An expired license, even for a service or application that you purchased, means that the organization or system is no longer authorized to use the application. Continuing to use the application after license expiration could result in legal and security issues. Legal issues arise when the organization no longer has rights to use the software, and security issues arise when the organization can no longer use the vendor’s licensed services to update the software. A non-expired licenses means the organization can still use the software and obtain regular updates from the software vendor.

Question 16

Why do data retention requirements exist?

Answer 16

Data retention requirements exist for certain types of sensitive data or records. For example, sensitive data being processed by a computer system, stored on media or accessed by a person. While organizations can create their own data retention policy, they must also adhere to a number of data retention laws, especially if these organizations operate within regulated industries and compliance laws.

Question 17

What does PII consist of?

Answer 17

Personally Identifiable Information (PII) is information that defines you as an individual. Personally identifiable information (PII) can be an individual’s race, name, date & place of birth, biometric, medical, financial, or employment information, social security number (SSN), phone number, address, etc. This information, along with credit card numbers and personal government-issued information, can be used in identity theft when a person impersonates you.

Question 18

Why is GDPR so important?

Answer 18

General Data Protection Regulation (GDPR)
General Data Protection Regulation (GDPR) is a new compliance standard started in the EU. Personal information no longer used must be removed by the company. Companies can be fined if they store required information only but cannot justify why they have the personal information.

Question 19

What is PHI?

Answer 19

Protected Health Information (PHI)
Protected Health Information (PHI) is any information that can be used to identify an individual. This information is created, used, or disclosed while providing health care services, such as a diagnosis or treatment. This information, along with medical records, conversations between doctors and nurses about treatment, billing information, and any patient-identifiable information, are all available in a health insurance company’s computer system.

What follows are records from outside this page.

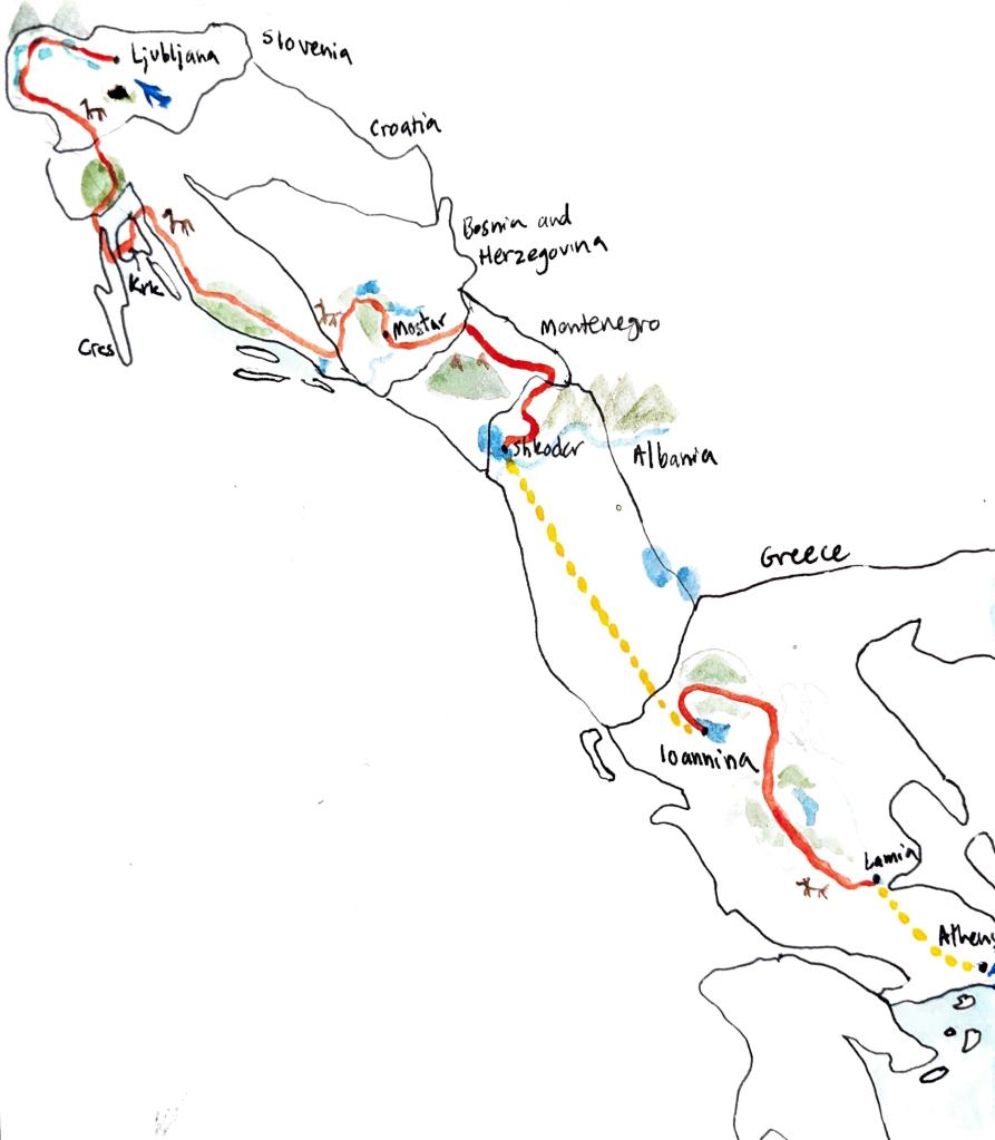 - Safety. Our reference routes largely did an excellent job of avoiding car traffic. The exception is some of the Trans Dinarica connector routes and secondary routes that are mostly road. For example, we found the coastal road in Croatia too unsafe to bike, as well as the Podgorica-Shkoder connection. We also heard multiple bad reviews of Eurovelo 8. Aside from traffic risk, there were three main route risks in the region that we routed to avoid: high winds (Bora winds of Croatia/Bosnia), grizzly bears (e.g. Velebit, Durmitor), and shepard dogs (wherever there are sheep and bears, so the mountains of Bosnia, Montenegro, Albania, and Greece). We want to have fun and explore, not needlessly suffer or take unnecessary risks.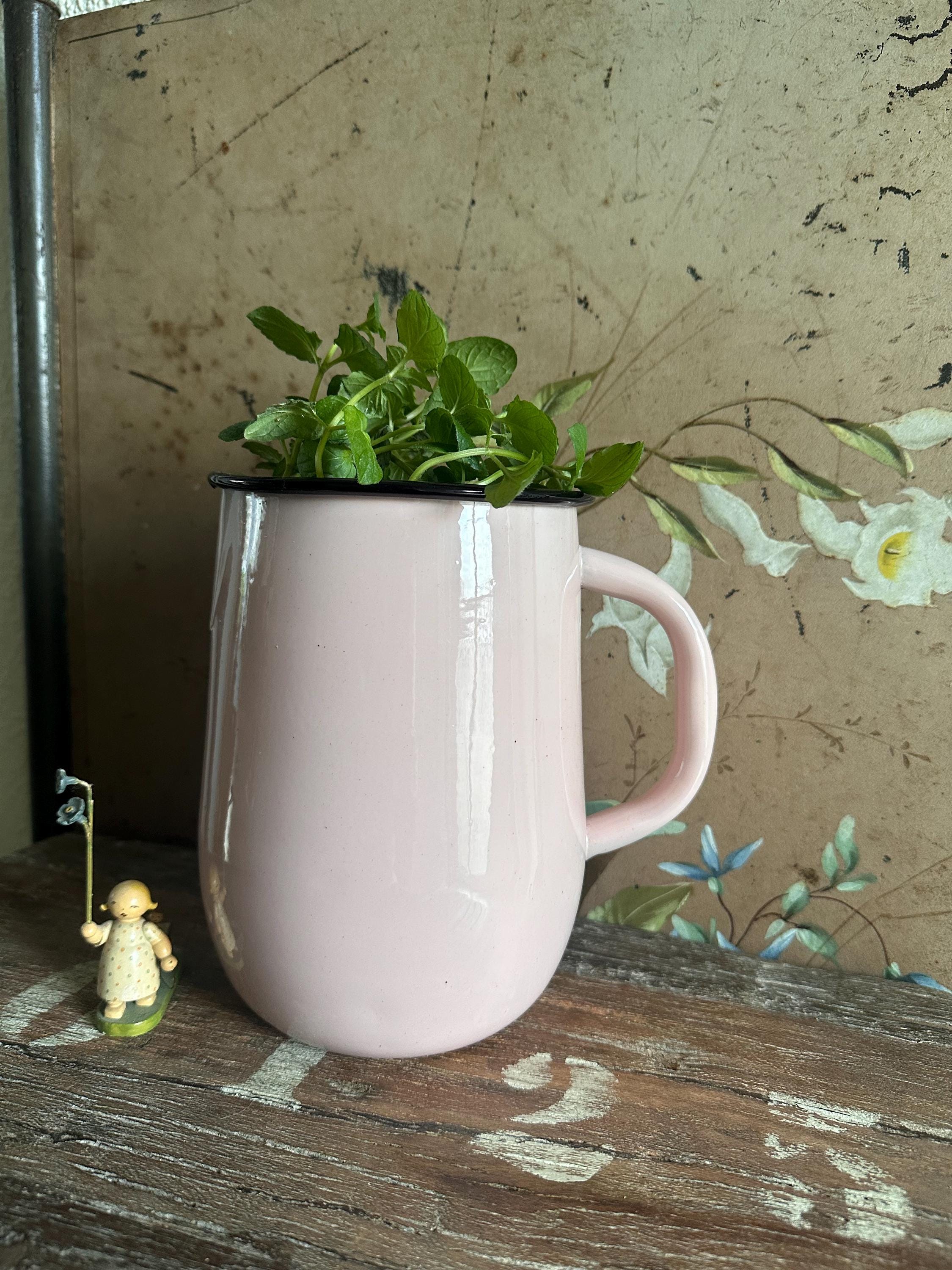 An enamel jug modeled after old originals in an old rose color... it brings that vintage touch to your kitchen - everything can be used for hot and cold drinks, so these beautiful vintage items not only look fantastic, but are also functional - everything comes from the Strömshaga series by a Swedish company for indoor design inspired by bygone eras â¤ï¸
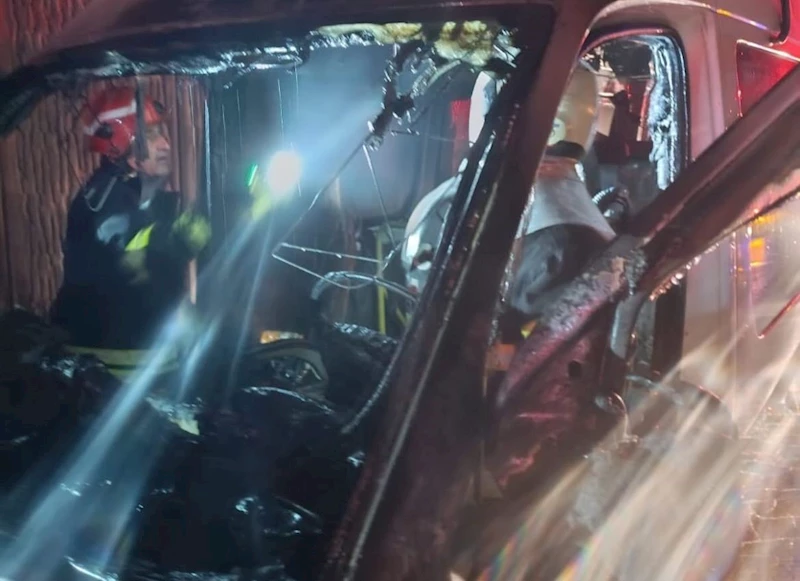 Kocaeli’nin Derince ilçesinde seyir halindeki işçi servisi alev alev yandı. Yangın itfaiye ekiplerince söndürülürken, işçi servisi kullanılamaz hale geldi.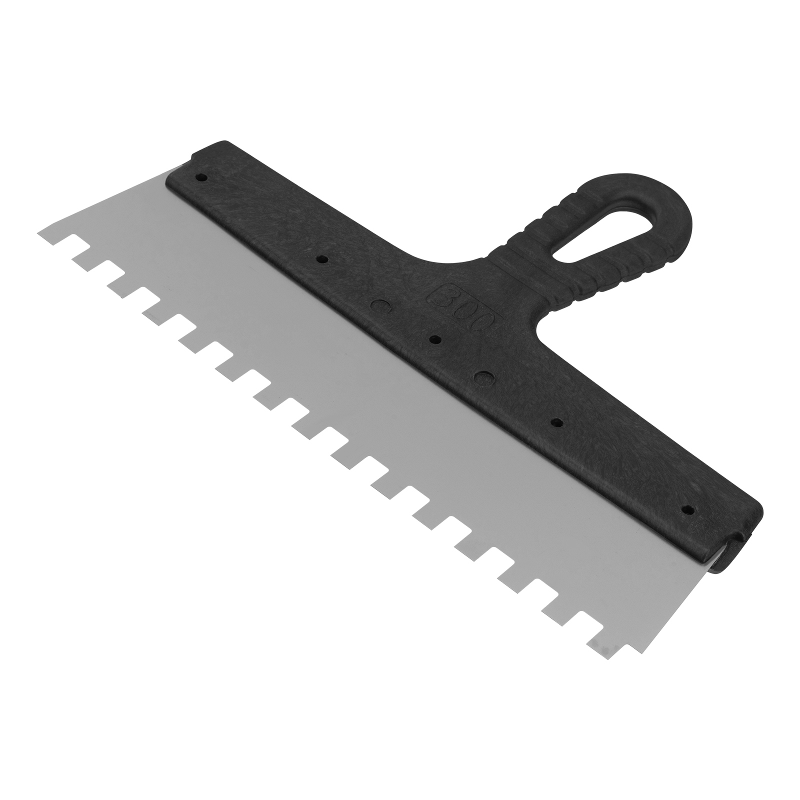 85501 Шпатель из нержавеющей стали, пластмассовая ручка, зуб 10 х 10 мм // 300 мм // Сибртех

In the US, PHI is protected through the Health Insurance Portability and Accountability Act (HIPAA). Any covered provider who handles your PHI must meet HIPAA’s requirements for data security and privacy, including health insurance companies and third-party healthcare providers like billing services and outpatient providers.

Question 20

What is PCI compliance?

Answer 20

Payment Card Industry (PCI) compliance is associated with electronic commerce, and how websites handle your credit card information.